-------- EXTRACTED DATA

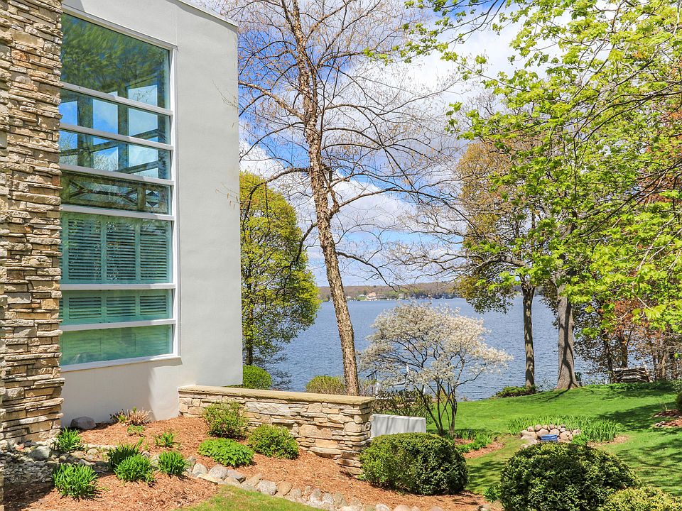 Sophisticated Contemporary Geneva Lakefront Home with soaring light filled spaces as well as nooks for intimate gatherings. Recent extensive renovations-new skylights, flooring, roof 2017, new water heaters. Open, flexible floor plan with dedicated office/library, space for home fitness studio. Lower level works as guest suite with two bedrooms. And large lakefront rec room with wet bar. Lake views from all rooms. Decks and balconies to overlook 150 feet of Geneva Lake frontage. Additional features: abundant skylights, media room with fireplace, island kitchen with granite countertops, high end appliances. Cathedral ceilings, multiple fireplace, two laundry rooms, and huge lake views.
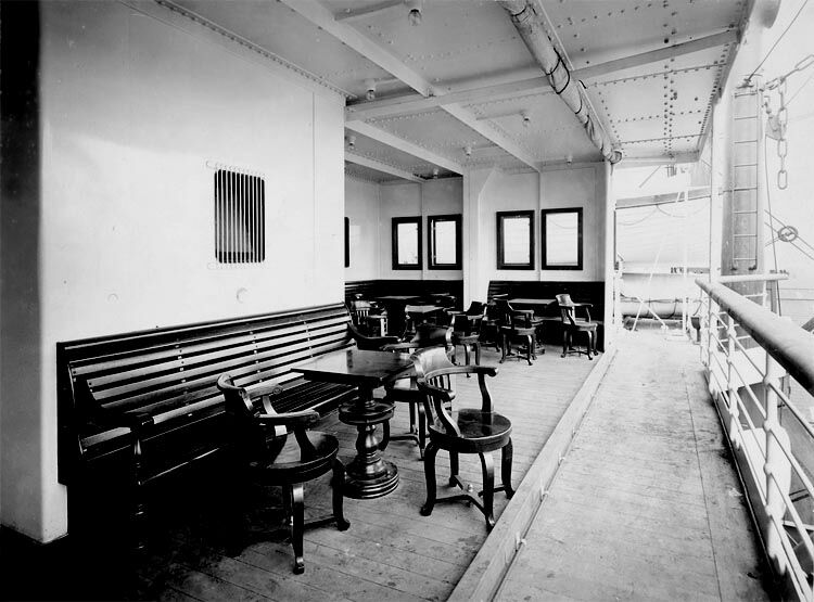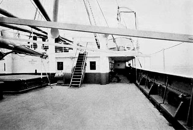 First class facilities were located on the following decks; Bridge Deck, Boat Deck, Main Deck and Awning Deck. Whilst Third Cass was on located the Poop and T’ween Decks. The space for the 750 Steerage passengers would most likely have been in two converted holds, which was done in a good number of ships in those days, for I could not located any other permanent accommodation on board.
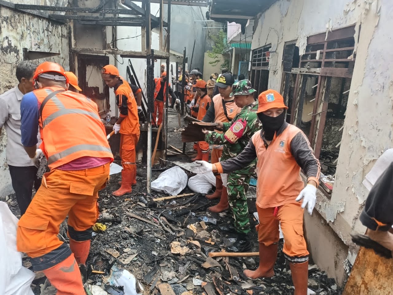 Koramil 02/TB Kodim 0503/JB Turun Tangan Bersihkan Puing Pasca Kebakaran di Angke
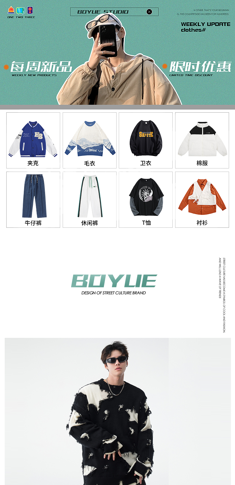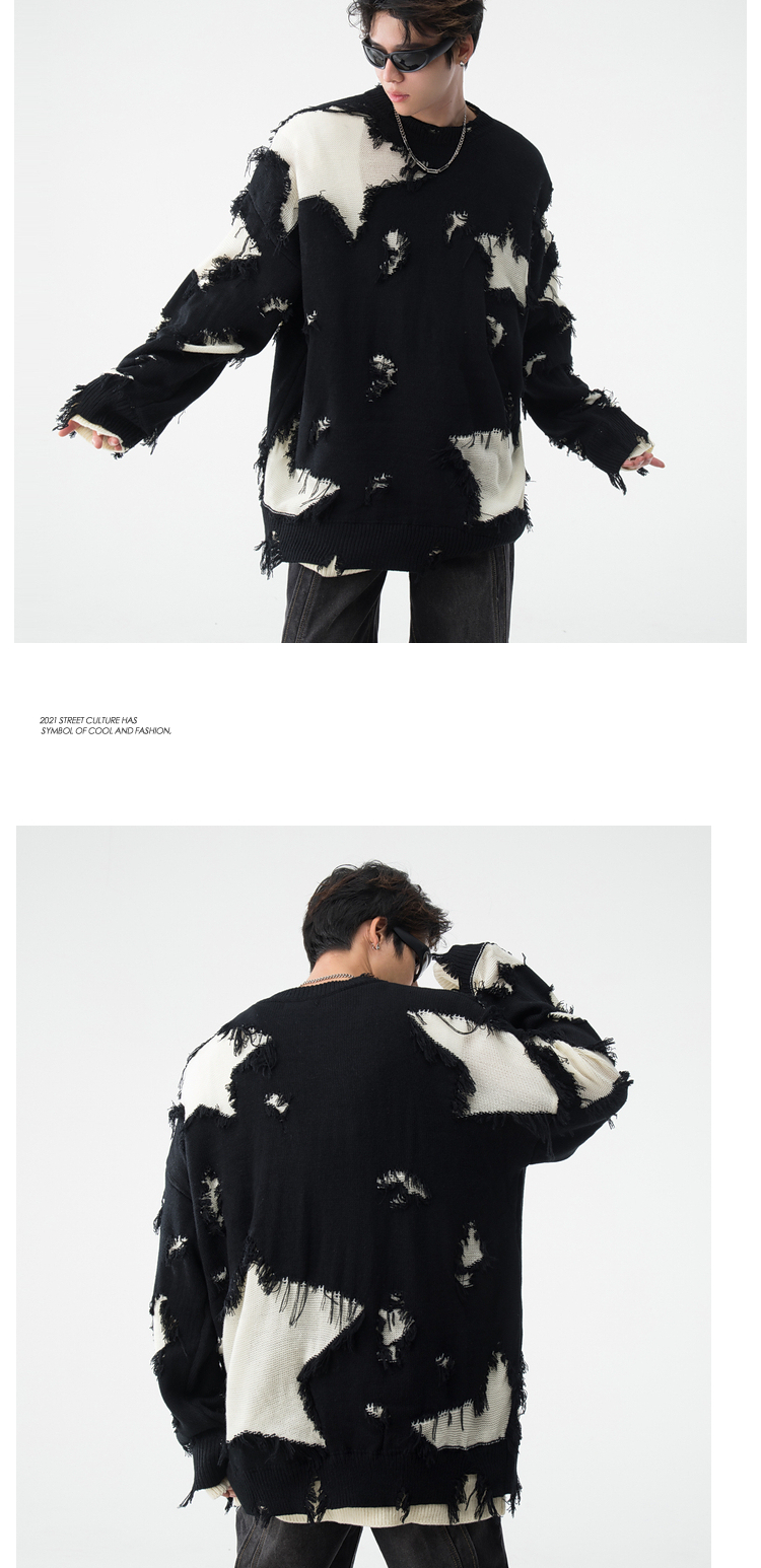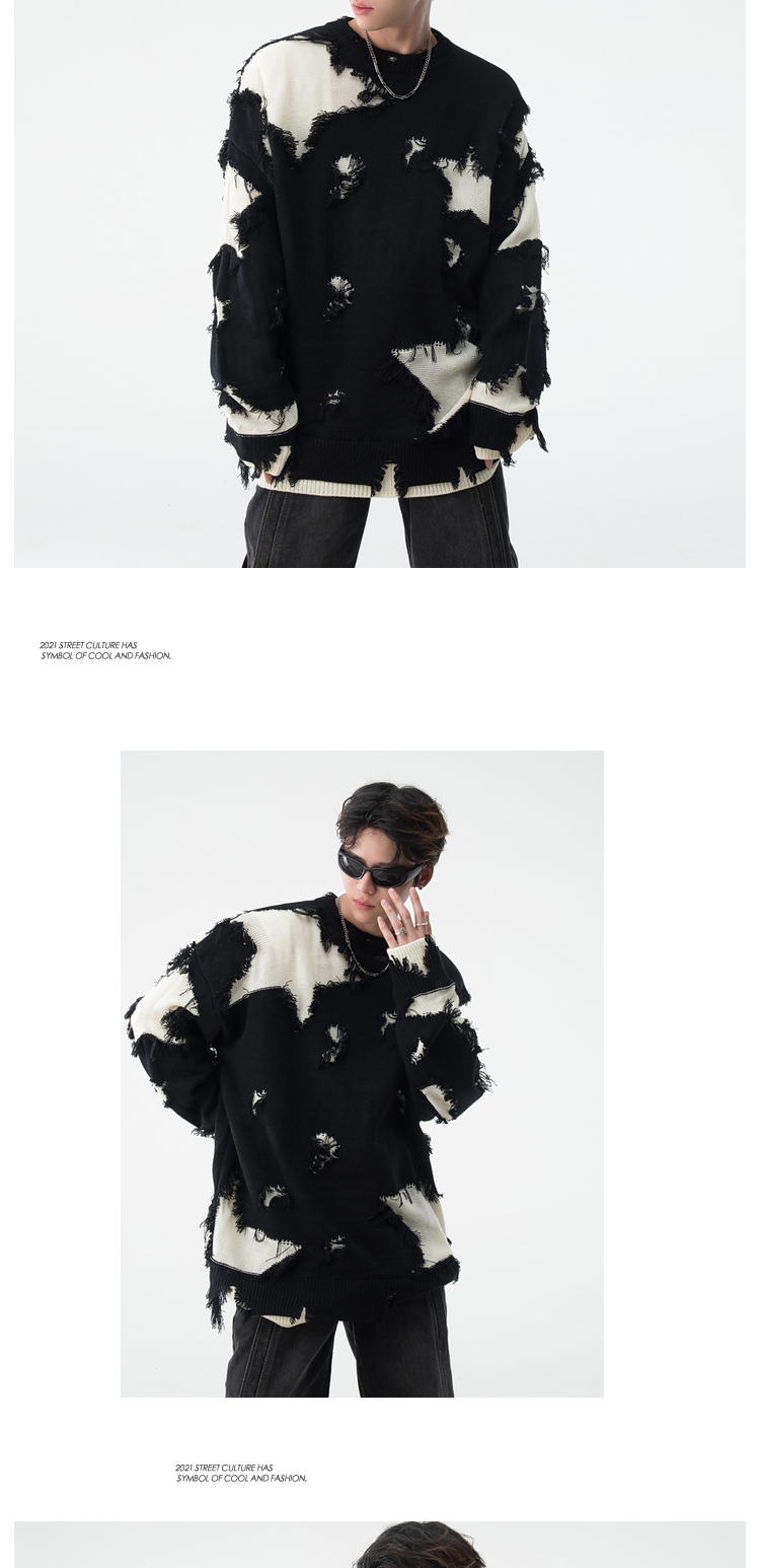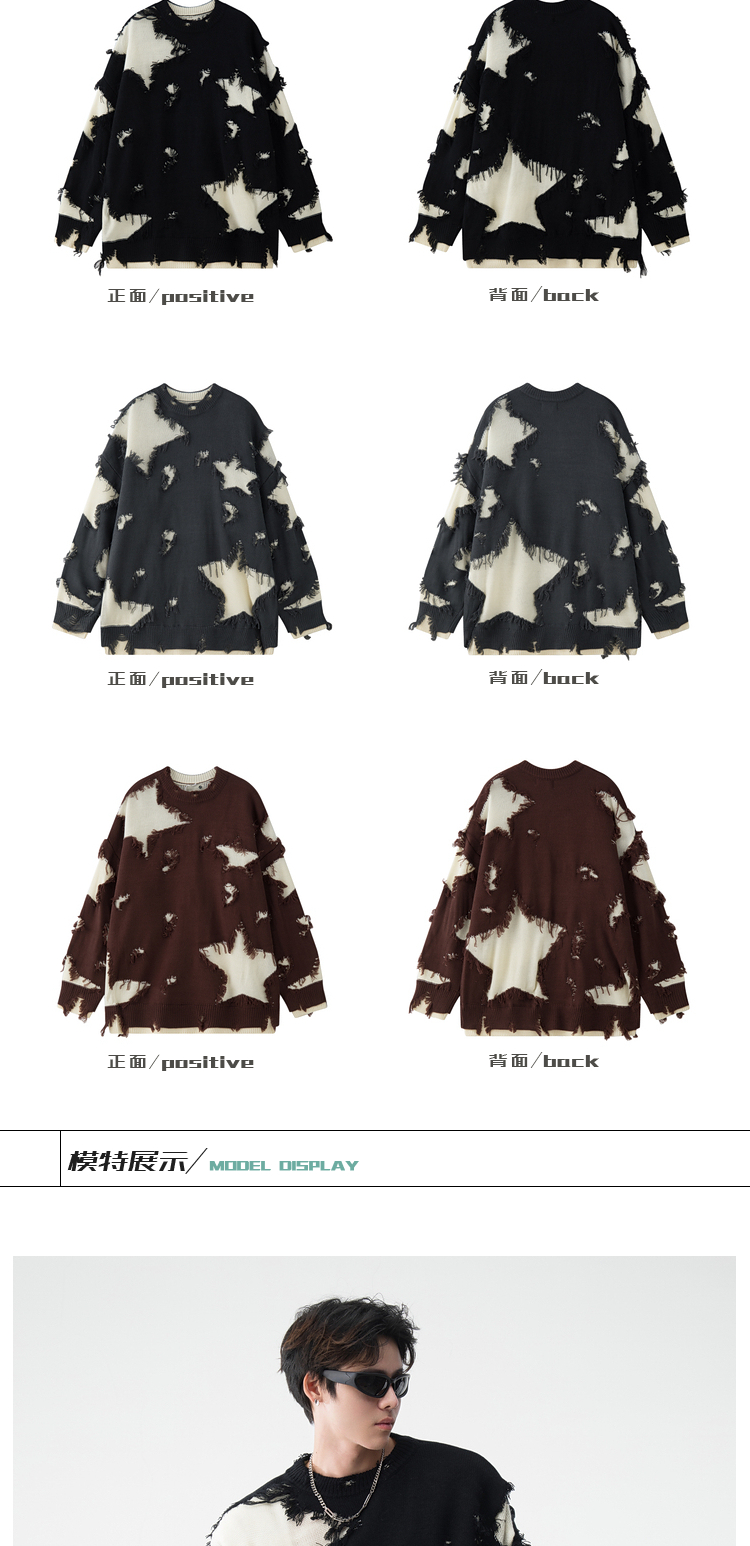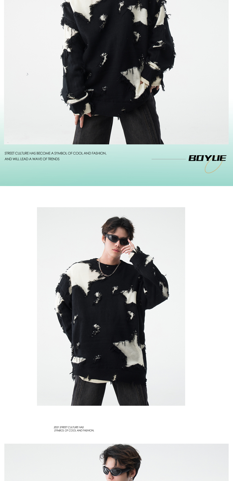 BOYUE帛跃星星破洞毛衣美式小众毛边破烂风男女时尚重工针织衫潮
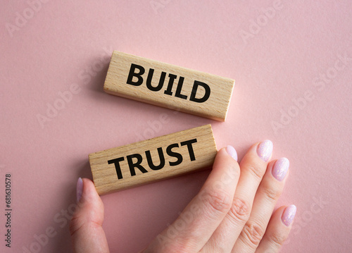 Build trust symbol. Wooden blocks with words Build trust. Beautiful pink background. Businessman hand. Business and Build trust concept. Copy space.
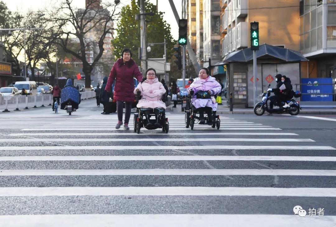 △ 2020年12月2日,海淀区苏州街,王芮、王燕姐妹俩操控着电动轮椅过马路。六十多岁的母亲郭青梅仍然不放心地紧紧跟随。十几年前,身患脊髓肌萎缩和神经肌肉性脊柱侧弯的“轮椅女孩”王芮(图左)从陕西来北京求医求学,以优异的成绩进入中国农业大学。如今,她成为了一名互联网教育创业者。(点击跳转:离开公主楼后,“轮椅女孩”的中关村创业梦)
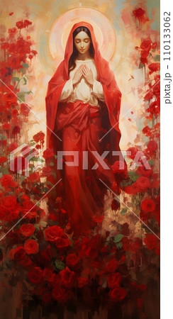 赤いバラに囲まれたグアダルーペの聖母 generative ai
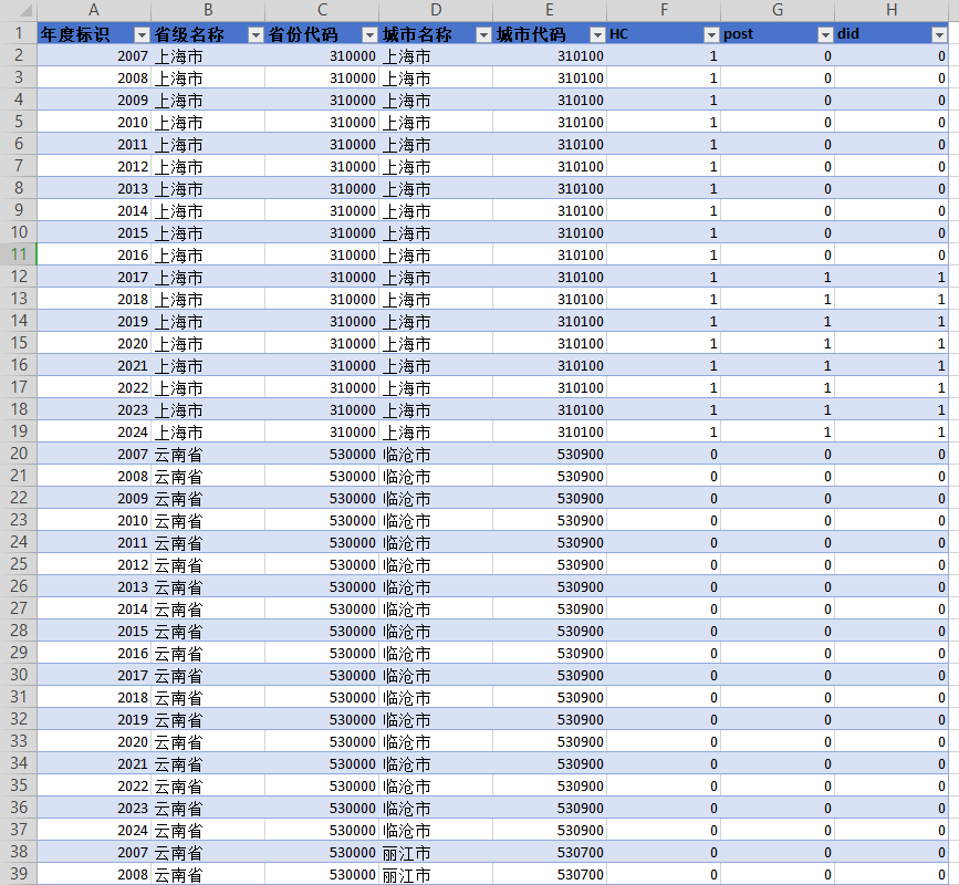 2007-2024年健康城市试点政策DID数据

----------------

**WHAT THE EXERCISE ASKS:** Except for pictures, copy the records above exactly.

**ANSWER TO THIS TASK:**
 Sophisticated Contemporary Geneva Lakefront Home with soaring light filled spaces as well as nooks for intimate gatherings. Recent extensive renovations-new skylights, flooring, roof 2017, new water heaters. Open, flexible floor plan with dedicated office/library, space for home fitness studio. Lower level works as guest suite with two bedrooms. And large lakefront rec room with wet bar. Lake views from all rooms. Decks and balconies to overlook 150 feet of Geneva Lake frontage. Additional features: abundant skylights, media room with fireplace, island kitchen with granite countertops, high end appliances. Cathedral ceilings, multiple fireplace, two laundry rooms, and huge lake views.
 First class facilities were located on the following decks; Bridge Deck, Boat Deck, Main Deck and Awning Deck. Whilst Third Cass was on located the Poop and T’ween Decks. The space for the 750 Steerage passengers would most likely have been in two converted holds, which was done in a good number of ships in those days, for I could not located any other permanent accommodation on board.
 Koramil 02/TB Kodim 0503/JB Turun Tangan Bersihkan Puing Pasca Kebakaran di Angke
 BOYUE帛跃星星破洞毛衣美式小众毛边破烂风男女时尚重工针织衫潮
 Build trust symbol. Wooden blocks with words Build trust. Beautiful pink background. Businessman hand. Business and Build trust concept. Copy space.
 △ 2020年12月2日,海淀区苏州街,王芮、王燕姐妹俩操控着电动轮椅过马路。六十多岁的母亲郭青梅仍然不放心地紧紧跟随。十几年前,身患脊髓肌萎缩和神经肌肉性脊柱侧弯的“轮椅女孩”王芮(图左)从陕西来北京求医求学,以优异的成绩进入中国农业大学。如今,她成为了一名互联网教育创业者。(点击跳转:离开公主楼后,“轮椅女孩”的中关村创业梦)
 赤いバラに囲まれたグアダルーペの聖母 generative ai
 2007-2024年健康城市试点政策DID数据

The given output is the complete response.